Inference of demographic history.

The PSMC analysis[33], based on a hidden Markov model, has been used to estimate the history of effective population sizes based on genome-wide heterozygous sequence data[32,86]. To obtain consensus diploid sequences, error-corrected reads from the female icefish used for genome sequencing were aligned back to the reference genome using BWA-MEM (BWA version 0.7.15)[87] with default settings. Heterozygous variants were called using SAMtools mpileup (version 1.2) with bcftools call (version 1.2) and vcfutils.pl vcf2fq pipeline (https://github.com/lh3/psmc) with the following settings: the excessive mismatch containing reads filtering (-C) was set to 50, the minimum read depth (-d) was set to 8 (which is one-third of the average genome coverage of 24) and the maximum read depth (-D) was set to 49 (which is twice the average genome coverage).
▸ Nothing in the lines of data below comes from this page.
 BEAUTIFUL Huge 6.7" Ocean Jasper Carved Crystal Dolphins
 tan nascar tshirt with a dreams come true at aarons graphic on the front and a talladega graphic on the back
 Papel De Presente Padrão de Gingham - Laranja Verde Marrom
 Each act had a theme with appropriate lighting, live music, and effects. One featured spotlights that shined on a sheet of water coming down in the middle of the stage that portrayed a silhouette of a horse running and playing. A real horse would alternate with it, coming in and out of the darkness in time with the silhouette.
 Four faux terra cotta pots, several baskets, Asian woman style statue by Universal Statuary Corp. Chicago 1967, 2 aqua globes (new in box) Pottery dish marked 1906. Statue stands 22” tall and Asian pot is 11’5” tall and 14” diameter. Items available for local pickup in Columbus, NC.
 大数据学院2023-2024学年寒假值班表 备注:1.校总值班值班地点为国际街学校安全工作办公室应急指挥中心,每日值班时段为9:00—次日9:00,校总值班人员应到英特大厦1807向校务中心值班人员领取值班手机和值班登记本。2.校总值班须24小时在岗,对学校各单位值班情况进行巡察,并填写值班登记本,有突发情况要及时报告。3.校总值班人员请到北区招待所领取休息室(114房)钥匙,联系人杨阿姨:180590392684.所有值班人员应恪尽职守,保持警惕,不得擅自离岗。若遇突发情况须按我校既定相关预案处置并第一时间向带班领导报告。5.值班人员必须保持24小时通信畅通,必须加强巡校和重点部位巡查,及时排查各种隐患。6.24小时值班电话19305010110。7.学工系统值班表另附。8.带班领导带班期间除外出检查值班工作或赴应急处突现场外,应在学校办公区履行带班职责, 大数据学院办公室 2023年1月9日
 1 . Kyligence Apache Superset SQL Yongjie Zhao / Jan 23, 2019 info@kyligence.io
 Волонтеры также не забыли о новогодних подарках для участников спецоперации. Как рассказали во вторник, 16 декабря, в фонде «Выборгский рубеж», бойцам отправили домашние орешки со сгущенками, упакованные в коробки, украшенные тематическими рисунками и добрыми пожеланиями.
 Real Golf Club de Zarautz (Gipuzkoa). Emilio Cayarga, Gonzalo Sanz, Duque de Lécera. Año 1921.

Genome-wide consensus fastq files were converted to PSMC modelling input files (psmcfa) using the fq2psmcfa tool provided in the PSMC package. Inference of population history was carried out using the psmc tool with the options ‘-N25 -t15 -r5 -p “4 + 25*2 + 4 + 6’ and plotted setting the generation time to 7 (because C. aceratus first spawns eggs at an age of 6–8 years) and a mutation rate of 3.28 × 10−9 (which is the rate obtained in this study). The mutation rate was estimated based on the Jukes–Cantor distance (D) between C. aceratus and P. charcoti among 3,718 one-to-one orthologous genes using the mutation rate formula μ = D/2t = 3.28 × 10−9 (D = 0.011 and t = 6.7 Myr were obtained in this study).

Gene family analyses.

Genes belonging to families of interest were curated using manual gene search methods. Target gene sequences from the genomes of several teleost fishes were used to directly search the icefish genome database. The protein sequences of these manually curated genes were aligned using Clustal Omega[88] and MUSCLE[89]. Phylogenetic trees were constructed using FastTree[90] or RAxML with 1,000 bootstraps. The timing of gene duplication events was estimated using the mutation rate formula μ = D/2t = 3.28 × 10−9.

Reporting Summary.

Further information on research design is available in the Nature Research Reporting Summary linked to this article.